Wednesday 13 May 2015

How Old is Old?


“I don’t believe it”, conjures up the image of the grumpy old Victor Meldrew as portrayed on TV by Richard Wilson - amusing, but sadly stereotypical of the intolerant characteristics attributed to older people. Then there is Dot Cotton, a devoutly Christian lady of the East End, who drinks sherry (“I don’t drink. Just a small one then”) and clings to her anachronistic hymns, quoting from the Authorised Version of the Bible. Dot embodies all that is popularly seen as the intransigent conservatism of the elderly and the irrelevance of the traditional Church of England. 



"Old age is forever stereotyped", writes Penelope Lively, quoting Simone de Beauvoir, who pointed out decades ago that we regarded old age as "something alien, a foreign species". For an actor to be asked to act an older person still seems to involve the parody of shuffling along with a walking frame or assuming signs of dementia. The media seem to do their level best to reinforce the age-old myths about aging people.

But what does it mean to be elderly in the 21st century? When do you become “old”? When I was younger, people who were 60 all seemed old to me, a legacy of the war partly, but now I’ve turned 60 too and I don’t feel old yet. I’m pretty fit and active physically and mentally. We are all very different and life-expectancy has increased, so the group labelled as “elderly” is now a very disparate group ranging from people in their 60s suffering illness or disabilities to extraordinary 90+ year olds who live a very active life.

Michelle Hanson wrote in The Guardian (06/10/13), “Some friends recently visited Paris, where they saw old people in restaurants with their families, drinking wine. Bliss! Here we offer tea dances and singalongs for a separate group of what seem to be rather simple-minded charity cases.”

How patronizing it is to expect us all to drop into the stereotype! I don’t wear beige and happily wear purple (see Jenny Joseph “When I am old”). The rock ‘n’ roll culture has now matured and some musicians are still rocking past seventy.
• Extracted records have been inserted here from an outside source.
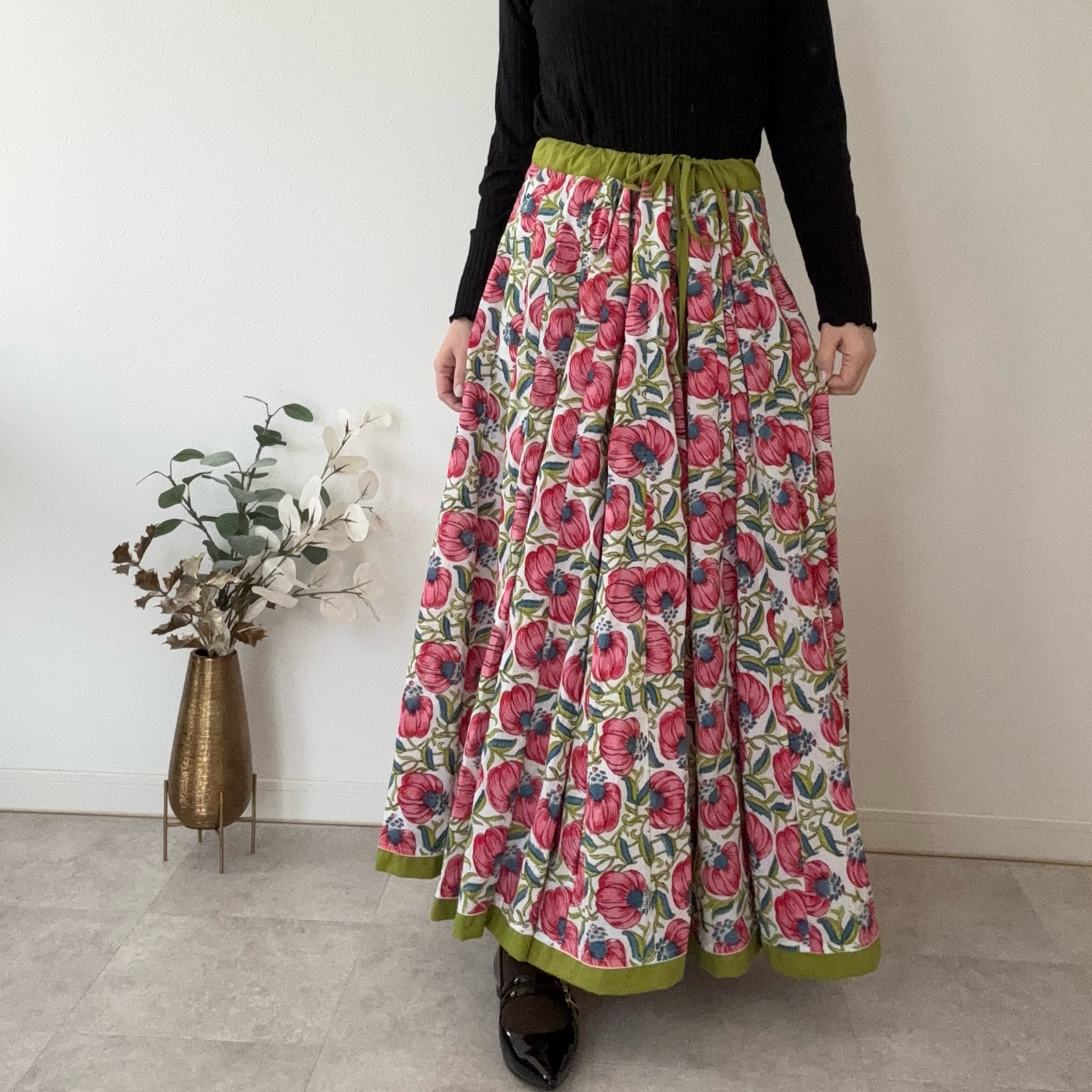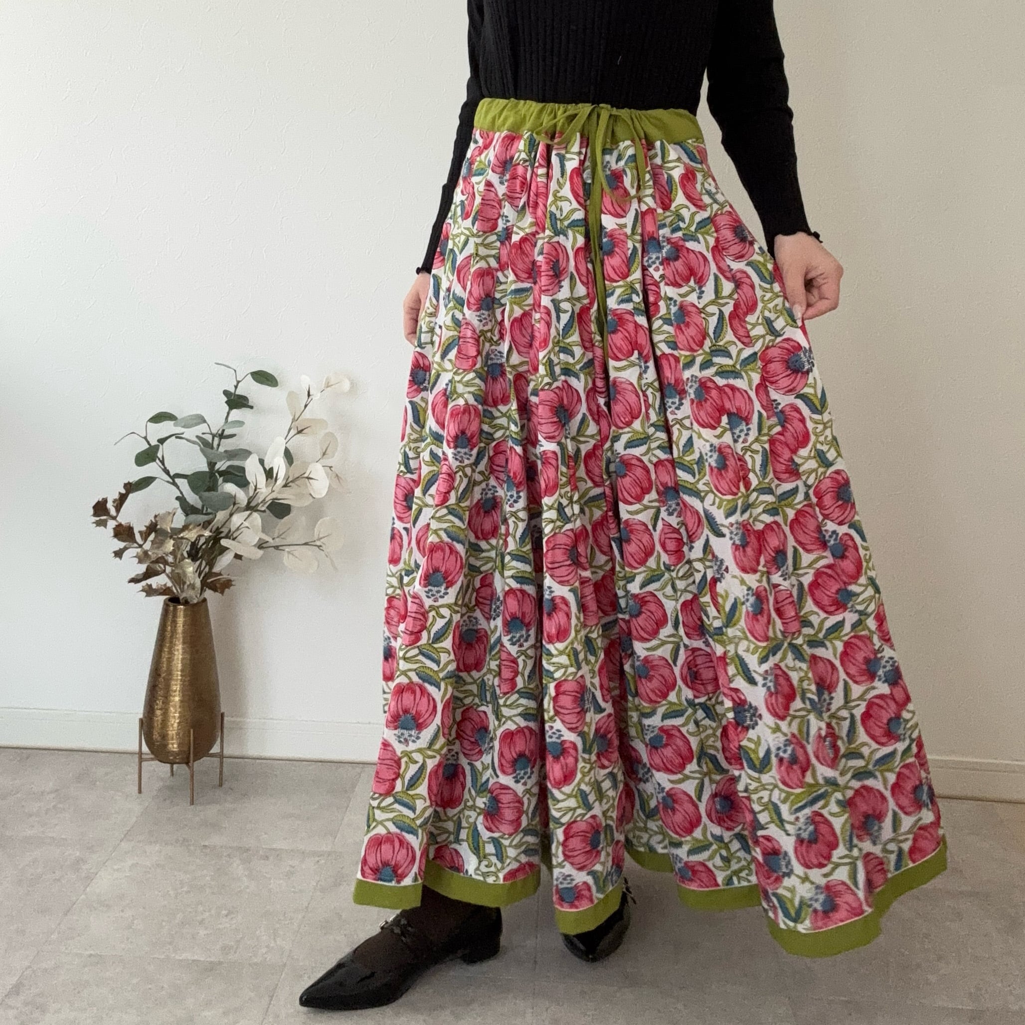 インドの職人さんが一枚一枚、丁寧な手仕事から生まれたブロックプリントスカート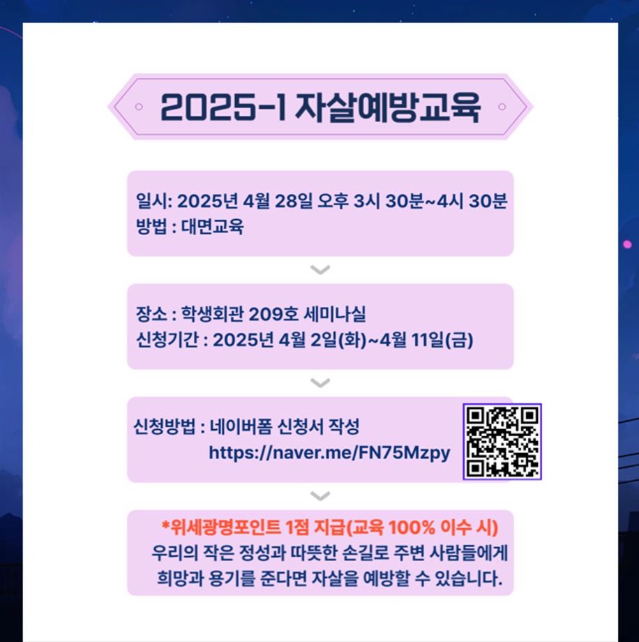 본문 시작 홈으로 학과생활 학과소개 교수소개 교과과정 학과생활 홈페이지가이드 사진게시판 공지사항 사진게시판 전공자료실 동아리 학과행사 사진게시판 페이스북 트위터 프린트 [CHARM케어상담센터] 2025학년도 1학기 자살예방교육 실시 산업디자인학과 1259 2025-04-03 목록 이전[학생처] 제10회 커뮤니티 페스티벌 다음 [산디과] 세명대학교 창업몰 OPEN_학교 기념물 제작 및 판매 담당부서 : 산업디자인학과 담당자 : - 연락처 : 043-649-1436 최종수정일 : 2024-10-26 만족도조사 만족도 조사 이 페이지에서 제공하는 정보에 대하여 만족하시나요? 매우만족 만족 보통 불만족 매우불만족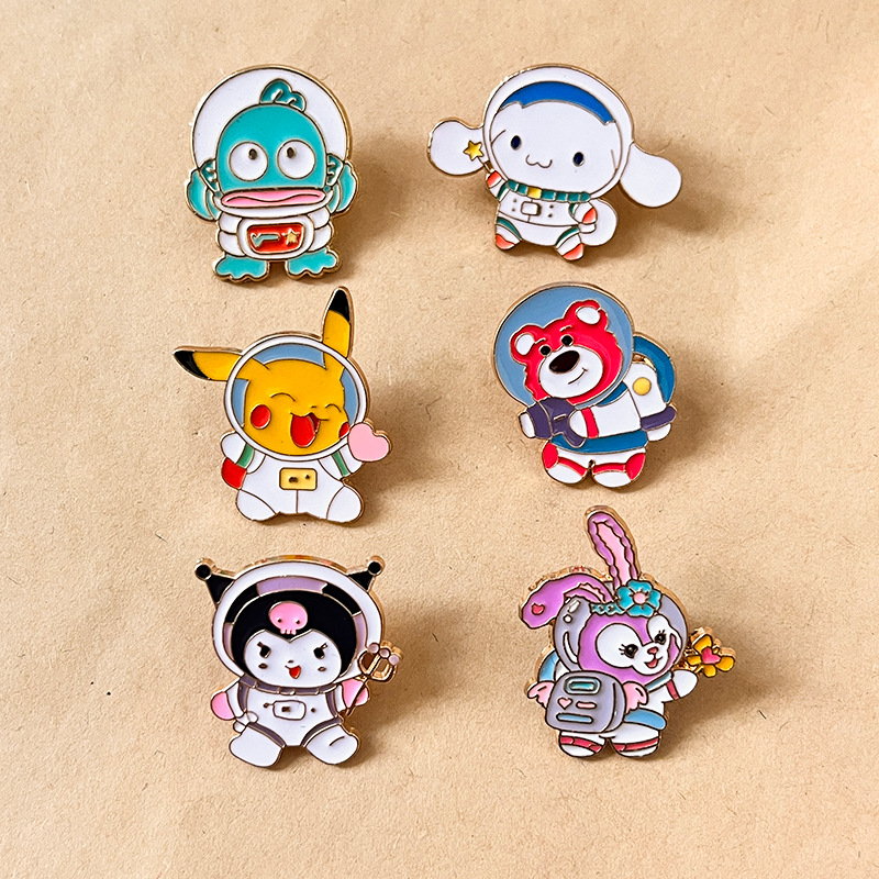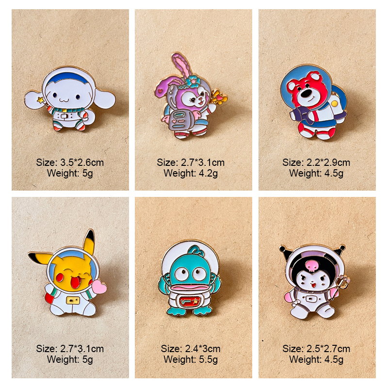 These glossy enamel pins (gold outlines) feature 6 characters (Pikachu, bunny, bear, etc.) in astronaut gear—blending iconic charm with cosmic whimsy. Vibrant, detailed designs add playful space flair to bags/jackets, ideal for fans as beloved fandom keepsakes.
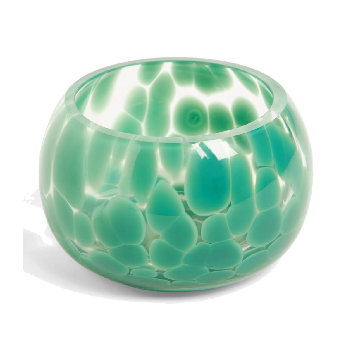 A contemporary glass tealight holder in an abstract, confetti style.

Older people are as varied in their abilities and desires as any other group, perhaps even more varied. We may easily make assumptions about what “they” might like based on our own or historic images that have been blown away in recent times with health care, longer life and more exciting opportunities. As Christians we must not perpetrate the myth that beyond a certain age everybody homogenises into a grey mass, but love and serve each person as they are and as God does.  


What is important is to get to know the older people already around us that we don’t know so well, those who have chosen not to “join in” or who seem stand-offish, those reaching the retirement age who move in, but don’t seem to want to “get involved”. Maybe they are not like us cultural, psychologically or socially. How have the needs of this group (if it is a group) changed as the years have gone by? Maybe some don’t want or need the coffee mornings, bingo and sing-along tea parties that churches and villages offer now. I for one don’t. What new things ought we to consider organising in our communities that are really relevant in the 21st century for the active and spirited group formerly known as “the elderly”? Any ideas?